My God. Someone is taking things a little too seriously. Bad roommates are not fun, but let's not talk about guns here (Live in Arlington, TX). I have three roommates, only one of which I picked, and sometimes they do things that upset me. But, they are just roommates, and they will be gone at the end of the summer, just like your guy.
It sucks when someone disrespects you and takes advantage of your stuff. But you have to realize a few things. When you're a freshman, you've probably never lived out of your parents home. At your parents home (if you remember) everything is free to take. Parents don't care if you take anything you want from the fridge or pantry, use fifteen kleenex boxes an hour, but they do get upset if you have friends over till 8 in the morning.
As a freshman, you are, for the first time, on your own without anyone telling you what to do. So, when you tell him what to do (that's how he sees it), he thinks you are trying to replace his parents, who he probably still resents for being controlling. Your first year or so in college, for most people, is a rush to be free, and having people over at all times and making a fool out of yourself is not only usual, it probably is a good thing. Gets it out of your system and shows you that responsibility can be a good thing.

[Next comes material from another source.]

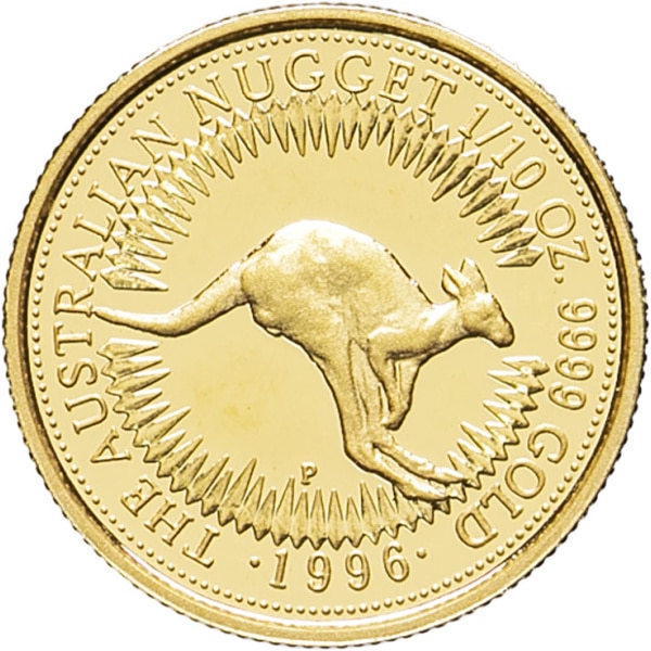 - AUSTRALIA Élisabeth II (1952-2022). 15 dollars ou 1/10 once nugget, Flan bruni (PROOF) 1996, P, Perth.

I know this doesn't help you very much and you're probably thinking "who the hell is this guy?" I'm just someone who was somewhat like your roommate and now could be like you with my freshman roommates who don't respect some of my things, but I take a laidback (passive like someone said) attitude and was willing to realize that, in the grand scheme of things, $20 isn't that big of a deal, and problems can be solved without writing a speech or calling the authorities.
I'm not sure what the perfect solution is to your problem, but it would definetly involve taking a step back and looking at what is going on and how your behavior is escalating beyond what is associated with being just upset. It's hard to talk to people who initially don't respect you, but I promise if you catch him in the right mood, he'll talk to you and maybe you can get some concessions from him (late night guests only on weekends or something. It's all about compromise. He wants freedom no matter what and you want silence no matter what, but that's just not going to happen this time. Try your best to find some common ground, forget about the threatening letters (freshman can be dumb most of the time) and work it out. It can happen.
If all else fails, it will only suck for another month.
Maybe I'm a pacifist, but I think looking back a few years from now you will say to yourself "why did I get worked up over that so much?"
Just my humble opinion, feel free to ignore it.